Little rain may worsen river levels still recovering from the summer’s heat wave. Boat traffic through Kaub, a bottleneck on the Rhine river that snakes through some of Germany’s main industrial zones, is now “impossible for most barges” due to dwindling water levels, according to Riverlake Barging, a Rotterdam-based ship broker.
Energie Baden-Wuerttemberg AG, a German utility that operates 7.2 gigawatts of coal and gas plants located on the Rhine and Neckar rivers, usually supplies its coal plants by barge. It has been forced to replenish stocks by rail, increasing operating costs.

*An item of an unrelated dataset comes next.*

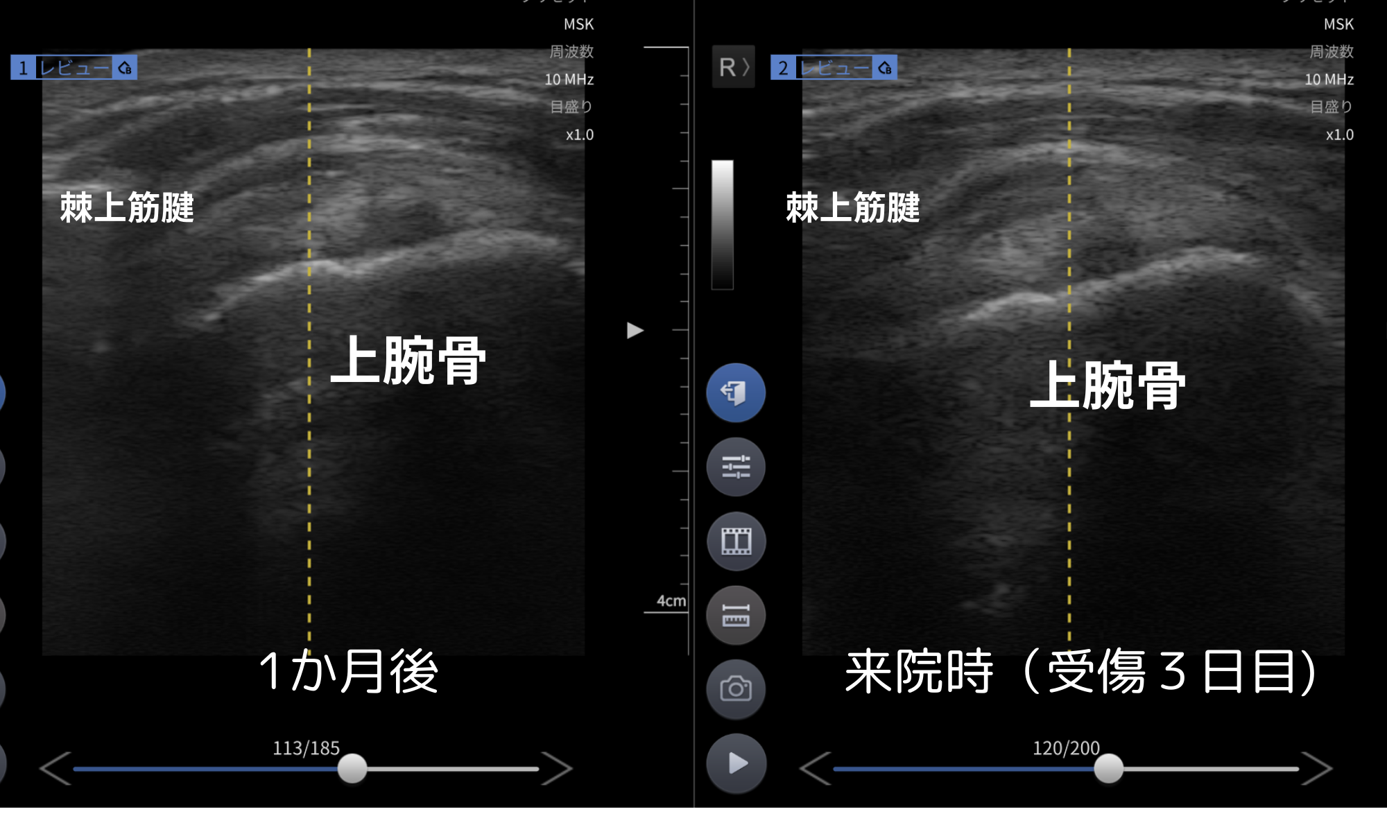 約1か月後のエコー評価では、わずかに棘上筋腱の膨隆は残存していましたが、 疼痛・ROM制限ともに消失し、日常生活に支障がないことから治癒と判断しました。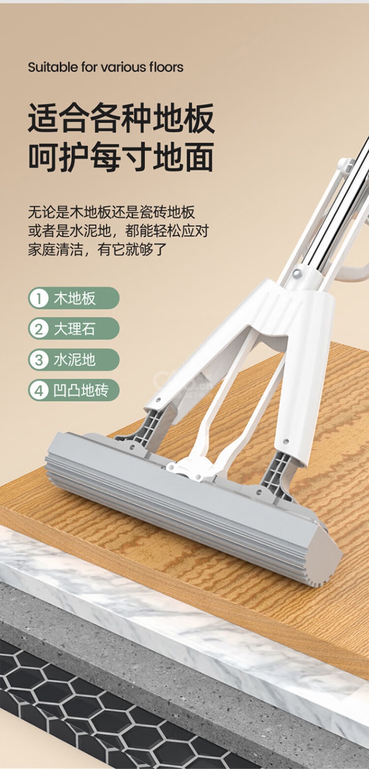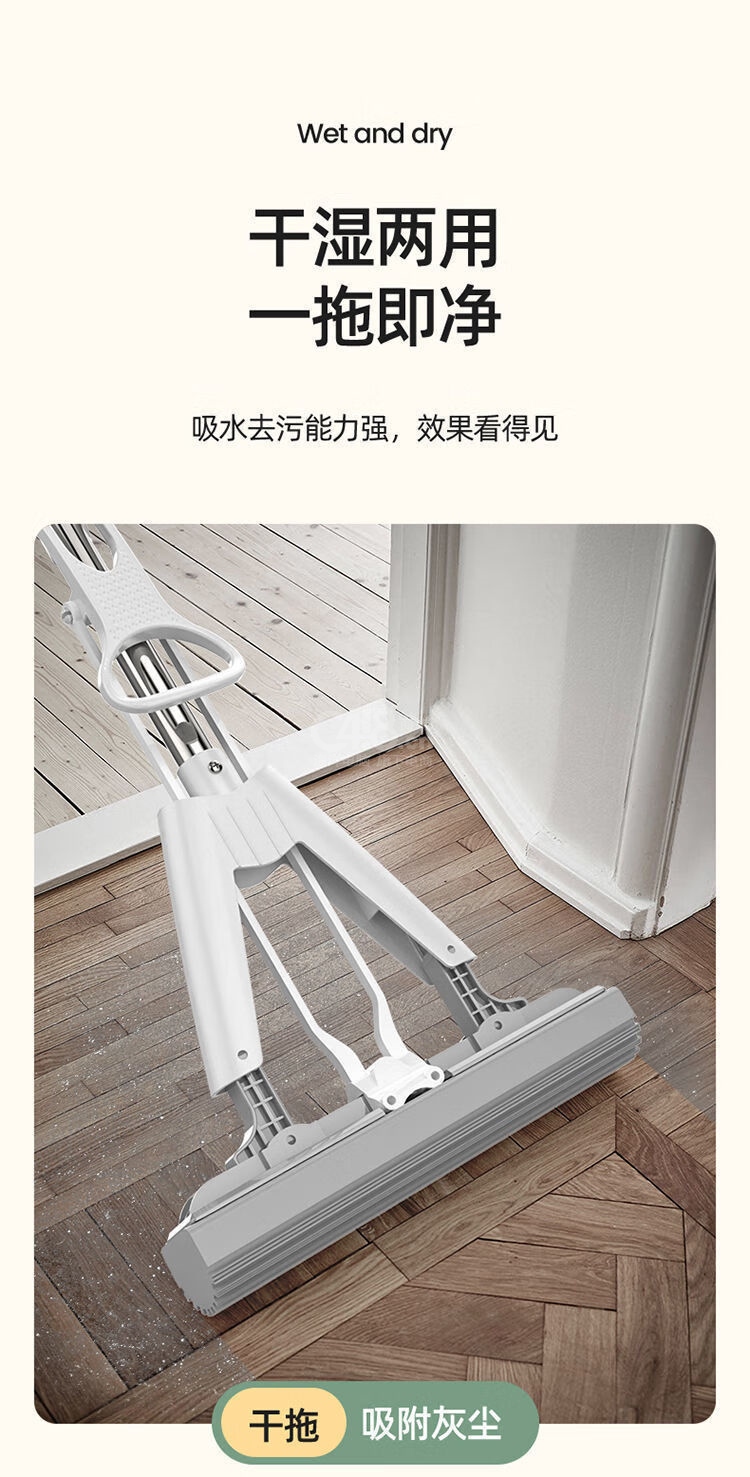 “YAGAO/雅高”升級款-對折28cm 膠棉拖把 單把裝(吸水海綿不銹鋼桿擠水免手洗新老款式隨機(jī)發(fā)貨)

“A cause of concern for us this year in particular, however, is something we cannot influence: the weather,” said Chief Financial Officer Thomas Kusterer. “Currently, low river levels and weak wind conditions are having a negative impact on our business.”
While river levels are at record lows, they can recover fast. In 2015 they rose by more than 2 meters (6.6 feet) in 10 days, according to Diego Marquina, analyst at Bloomberg NEF. Vessels generally don’t sail past Kaub when barge clearance is less than 0.5 meters.
Lack of rainfall “might be the biggest risk at the moment, but it’s hard to tell how long this will last,” Marquina said. If it continues, Germany could have to de-mothball some gas plants or activate some of the hard coal power stations that are held in reserve, he said.
In France, EDF had to cut production last month at its Tricastin reactors due to low flows on the Rhone and reduced output at the Chooz plant on the Meuse river.
An EDF spokeswoman declined to comment on whether the company expects further restrictions.
In the Nordic region, one of the driest and warmest summers ever means hydro power supply levels are struggling to recover. Water is the lifeblood for the region’s electricity production, with about half of the region’s demand met with hydro power.
The deficit in hydro reserves stands at 6.2 terawatt-hours today and is forecast to widen to 10 terawatt-hours in two weeks time, according to Wattsight data.